▶ _DATA SEGMENT_:
______________________________
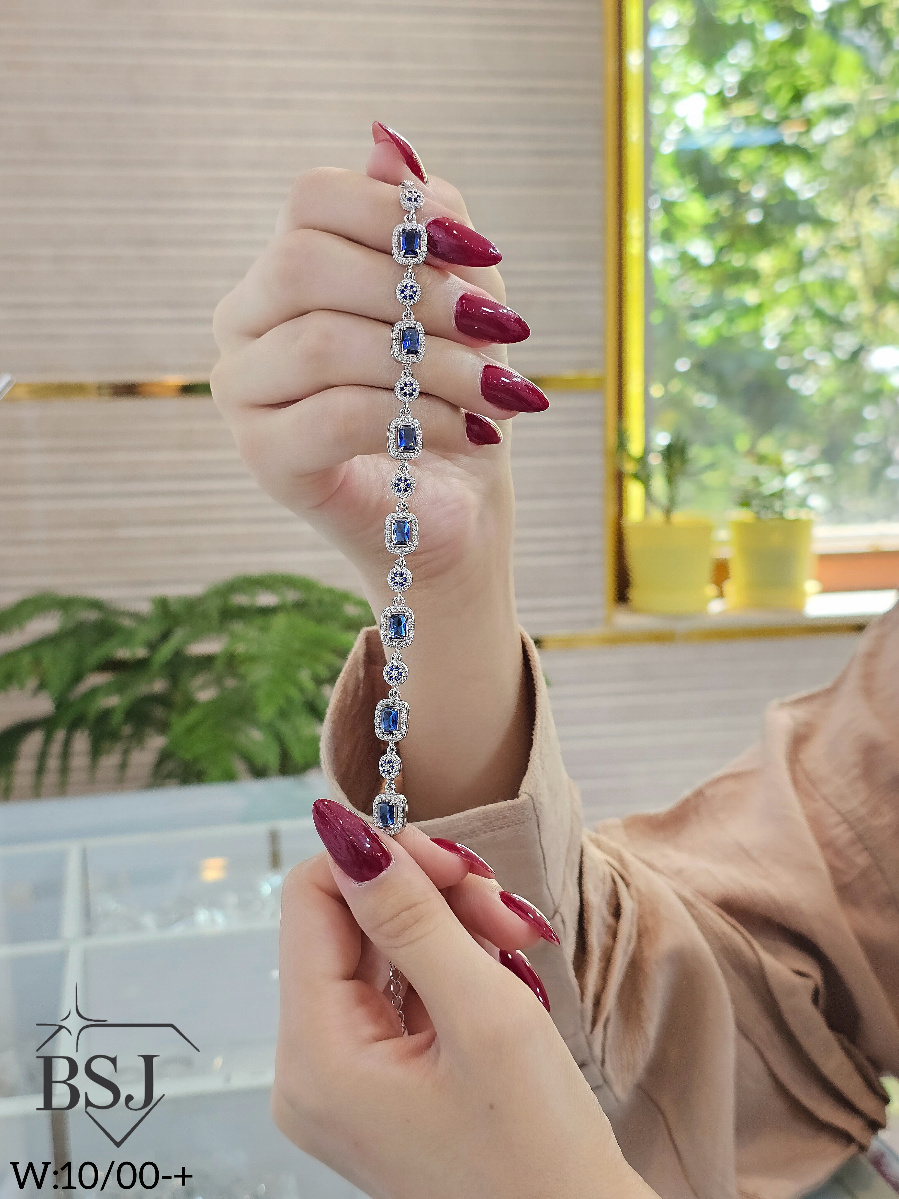 دستبند نقره جواهری زنانه BSJ_D605 یکی از دستبندهای پرفروش و زیبای ساخته شده از نقره با عیار 925 می باشد.سنگ های به کار رفته در آن برلیان از جنس اتمی زیرکونیا و نگین های رنگی سنتتیک (آزمایشکاهی )می باشند که به صورت میکروستینگ مخراج کاری شده اند و در برابر ضربه مقاوم اند.آبکاری دو مرحله ای رودیوم (طلا سفید)، سبب کیفیت بی نظیر دوام رنگ آن شده است و به دلیل عدم استفاده از نیکل در ساختار آن، بدون حساسیت بوده و با پوست حساس سازگار است.وزن دستبند +- 10.00 گرم می باشد.
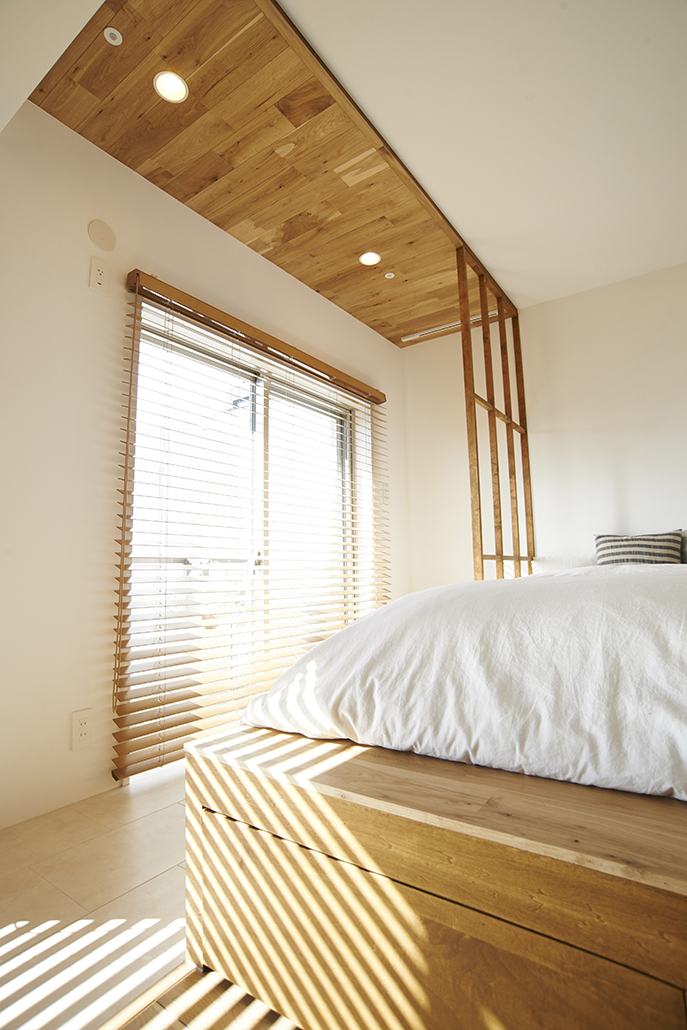 リビングのすぐお隣には寝室を。その寝室には、ベットも収納家具も置かずに済むような工夫がなされています。それは造作でつくった小上がり。
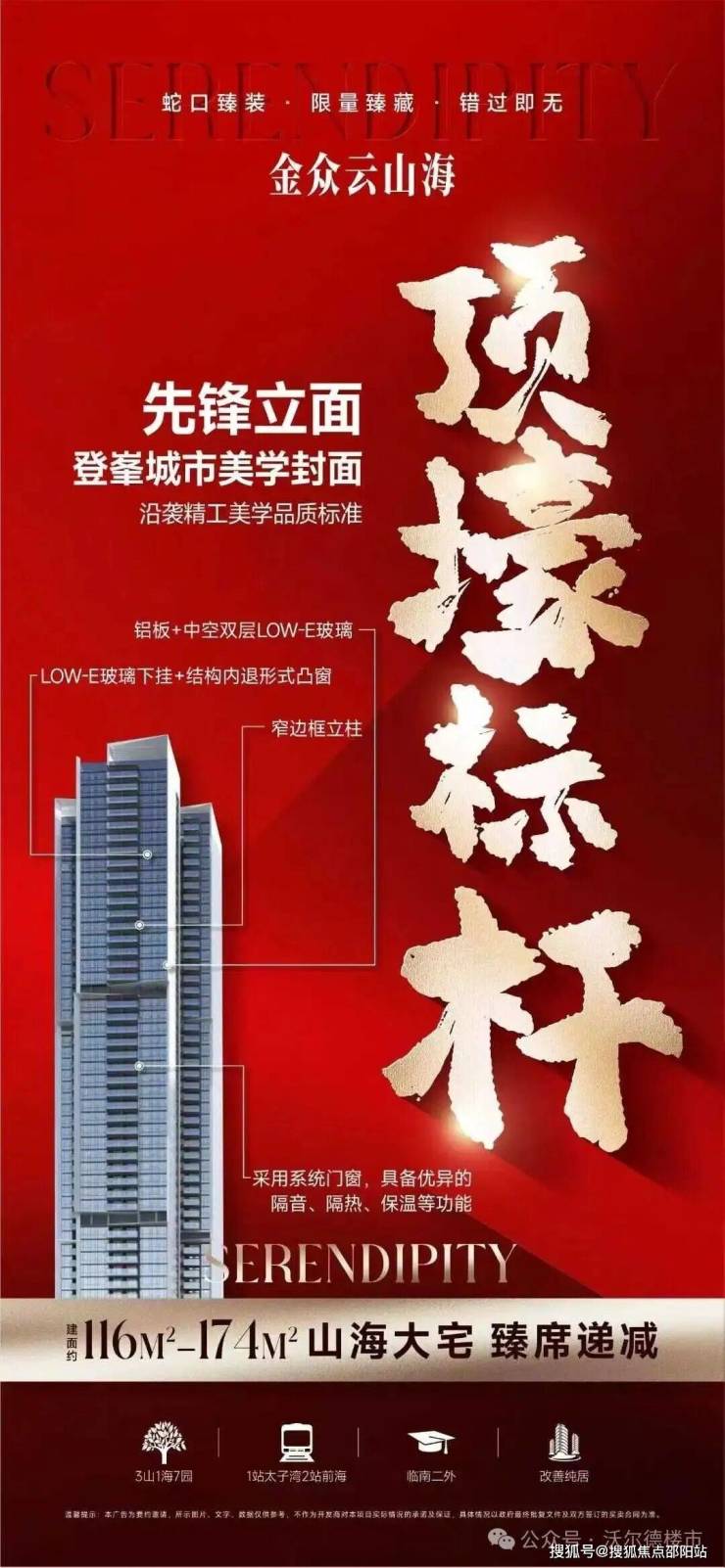 金众.云山海 坐落于深圳市南山区蛇口招商街道赤湾六路与港航路(郑和一路) 交汇处,项目共两个地块(宗地号K104-0043、K104-0044)(东区、西区),总用地面积约3.6万㎡,规划总建筑面积约19.5万㎡,其中计规定建筑面积约19万㎡,包括住宅、商业(800㎡)和幼儿园等配套用房。
______________________________
Copy all the material word for word, minus its pictures.

▶ _PROBLEM SOLUTION_:
 دستبند نقره جواهری زنانه BSJ_D605 یکی از دستبندهای پرفروش و زیبای ساخته شده از نقره با عیار 925 می باشد.سنگ های به کار رفته در آن برلیان از جنس اتمی زیرکونیا و نگین های رنگی سنتتیک (آزمایشکاهی )می باشند که به صورت میکروستینگ مخراج کاری شده اند و در برابر ضربه مقاوم اند.آبکاری دو مرحله ای رودیوم (طلا سفید)، سبب کیفیت بی نظیر دوام رنگ آن شده است و به دلیل عدم استفاده از نیکل در ساختار آن، بدون حساسیت بوده و با پوست حساس سازگار است.وزن دستبند +- 10.00 گرم می باشد.
 リビングのすぐお隣には寝室を。その寝室には、ベットも収納家具も置かずに済むような工夫がなされています。それは造作でつくった小上がり。
 金众.云山海 坐落于深圳市南山区蛇口招商街道赤湾六路与港航路(郑和一路) 交汇处,项目共两个地块(宗地号K104-0043、K104-0044)(东区、西区),总用地面积约3.6万㎡,规划总建筑面积约19.5万㎡,其中计规定建筑面积约19万㎡,包括住宅、商业(800㎡)和幼儿园等配套用房。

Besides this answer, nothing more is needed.